ADDRESS OF JOHN PAUL II
TO THE CHILDREN
FROM CHERNOBYL AND THEIR HOSTS
26 April 2001
Dear Brothers and Sisters in Christ,
1. With great affection I welcome you on this important anniversary, 15 years since the tragic accident which happened in the city of Chernobyl on 26 April 1986. I sincerely extend to each one of you a cordial greeting and a warm welcome.
My thoughts turn, in the first place, to the President of the Republic of Ukraine, Mr Leonid Kuchma, who wished to be present through his message, which was read a short time ago in this hall. I greet the Ambassador of the Republic of Ukraine to the Holy See, Her Excellency Mrs Nina Kovalska, and I thank her for the words which she has just addressed to me on everyone's behalf.
I then greet the authorities and the personages who by their presence wished to demonstrate the solidarity with the children of Chernobyl in the name of the communities and nations which they represent. I greet all those present, beginning with the representatives of the families, parishes, associations, movements and organizations that in these years have hosted and continue to welcome,to Italy, children affected by the consequences of what happened in Chernobyl.
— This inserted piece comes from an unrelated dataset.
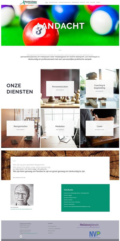 Vandaag, dinsdag 4 april 2019, is de nieuwe website van Slingerland & Partners online gegaan. Slingerland & Partners biedt structurele oplossingen op het gebied van personeelsadvies en mediation voor middelgrote en kleine bedrijven. De werkwijze is deskundig en professioneel met een persoonlijke praktische aanpak. De website geeft informatie over de diensten waarvoor het bedrijf kan worden ingeschakeld. De website straalt de kracht van het bedrijf uit: klein genoeg om flexibel te zijn en groot genoeg om deskundig te zijn.

With my journey to Ukraine approaching, I am more eager to embrace all the children of that nation, which is so dear to me, and to kiss that land so tried even by the nuclear disaster, the fatal effects of which are still felt today. With ardent hope I am also preparing to meet my brothers and sisters in the faith who live there, to be able to share with them the eagerness for a renewed evangelization.
2. At this moment we go back in thought to that 26 April 1986, when a tremendous explosion occurred in the nuclear power station of Chernobyl in the dead of night. A few minutes later a huge toxic cloud covered the sky of the city and of Ukraine, spreading very far. The tragic results of so disastrous an event were not long in proving to be far worse than could have been imagined. It was not without reason that someone described it as the technological catastrophe of the century, which sadly rendered the city of Chernobyl world-famous. Since then it has become the symbol of the risks connected with the use of nuclear energy.
My appreciation goes to the civil administrations, the religious communities, the dioceses and those who, during these years, have worked tirelessly in order to help those who, through no fault of their own, have paid and continue to pay the price of a calamity of such magnitude.
Above all, I address, you, dear children of Chernobyl. You represent the thousands of your little friends, who have found hospitality in Italy to be healed and to overcome a difficult stage of their lives. The Pope embraces you and asks you to bring his greeting and his blessing to your families, your friends, peers and your school companions. To everyone!
Looking at you, I cannot but give thanks to God for the extraordinary generosity that, since then, has never ceased to alleviate the suffering and difficulties of those who continue to be innocent victims of the consequences of that huge catastrophe. How many Catholic institutions in various countries have opened their doors and opened their arms wide to those who were in need! How many can look with confidence towards the future as a result of this joint support, which today's event well emphasizes!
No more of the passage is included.